Их пунктир должен был поддержать так и не осуществленную главную доминанту –
Дворец Советов. Как протяженный неоклассический ансамбль задуманы цепочки
крупномасштабных сооружений на судоходных каналах, соединивших Волгу с Доном и
бассейном Балтийского моря (архитектор Леонид Поляков и др.). Архитектура,
служившая идеологическим мифам, не могла быть социально эффективной, заданность
ее форм препятствовала и техническому прогрессу.
Снять
противоречия времени сталинизма было целью реформы в строительстве, начатой под
руководством Хрущева в 1954 году. “Время оттепели” освободило
архитектуру от подчинения мифологемам идеологии, покончило с культурной
изоляцией России. Но сам Хрущев не смог преодолеть метастазы сталинизма в своем
сознании. Утопия умерла, но – “да здравствует утопия!” Взамен прежних
миражей оказалась предложена новая утопическая цель – построение коммунизма в СССР
к 1980 году, для чего возрождался дух сурового эгалитаризма двадцатых.
Профессия
получила как никогда ранее жесткие и конкретные указания – как изменить формы
деятельности. Отвергались образность, эстетическая конструктивность и
индивидуализация среды, утверждались утилитаризм и стандартизованная
усредненность. Архитектуру предписывалось выводить из технологии производства
крупных сборных элементов. Изучение конкретных потребностей и ситуаций
заменялось детализированными нормами, едиными для огромной страны. Хрущевская
оттепель уничтожила культурную самоизоляцию; вновь “прорубались окна в
Европу”. В поступающей извне информации привлекало то, что отвечало
установкам на экономичность и стандартизацию, – рационализм социальных жилищ
ФРГ, индустриальное домостроение Франции, стеклянные призмы Миса.
Технологизм,
поддержанный авторитарностью Хрущева, позволил увеличить объемы массового
жилищного строительства, решая наиболее неотложные социальные задачи. Но он
отражал не всю сложность жизни, а схематичную упрощенность утопических
представлений, обратившись “третьей утопией” советской архитектуры.

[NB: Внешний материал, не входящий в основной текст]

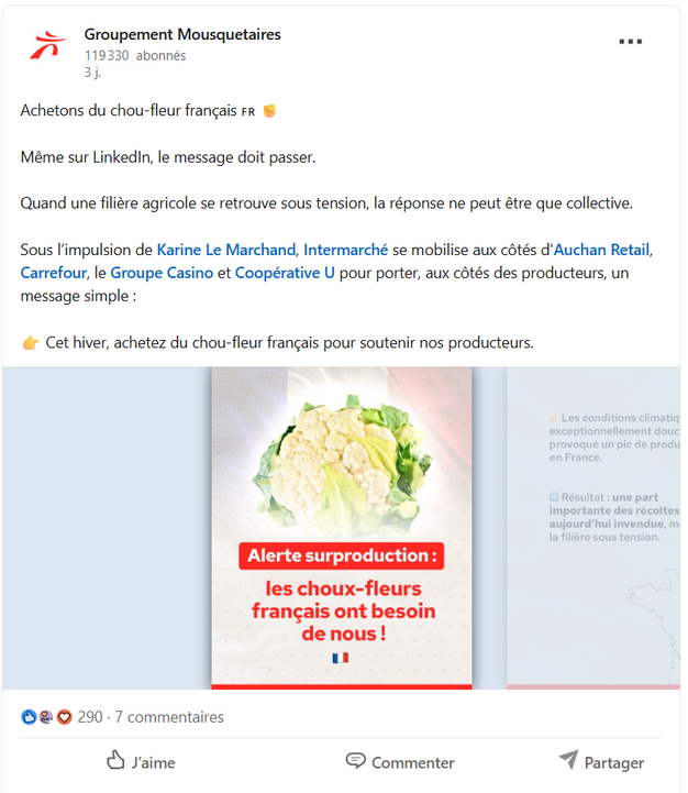 In einer gemeinsamen Pressemitteilung haben französische Einzelhändler ihre Unterstützung für den französischen Blumenkohl angekündigt, nachdem Karine Le Marchand sie dazu aufgerufen hatte, sich zu mobilisieren. Auf der Internationalen Landwirtschaftsmesse 2025 in Paris bekundeten Auchan, die Casino-Gruppe, Carrefour, Coopérative U und Intermarché ihren Wunsch, angesichts der Krisen in der Landwirtschaft zusammenzuarbeiten. In einer gemeinsamen Pressemitteilung kündigten sie ihre Unterstützung für französischen Blumenkohl an. „Die Maßnahmen zur Sensibilisierung der Verbraucher werden ab dem 20. Dezember in allen unseren Filialen intensiviert, als Fortsetzung der bereits umgesetzten Aktionen. Die Blumenkohlkampagne ist Teil einer gemeinsamen Initiative zur Einrichtung eines Schnellwarnsystems für den Fall einer Agrarkrise."

Доведенная до абсурда унификация выходила за пределы, повышающие эффективность
технологии, и вела к экономическим потерям, исключая гибкое приспособление к
условиям места. Она порождала монотонность среды, застроенной стандартными
домами. На периферии городов возникали пояса застройки, чуждые характеру
исторического контекста. Ценой первоначальной экономии оказалась быстрая
моральная амортизация построек, создавшая проблемы в последние десятилетия
века.
Однотипность
решений, упрощенность форм переносились на формообразование зданий
общественного назначения, в том числе – уникальных. Эталоном официального
здания стал Дворец Съездов в Московском Кремле (1961, архитектор Михаил Посохин
и др.), созданный без особого внимания к историческому контексту, но
стилистически близкий к официальным американским постройкам того времени.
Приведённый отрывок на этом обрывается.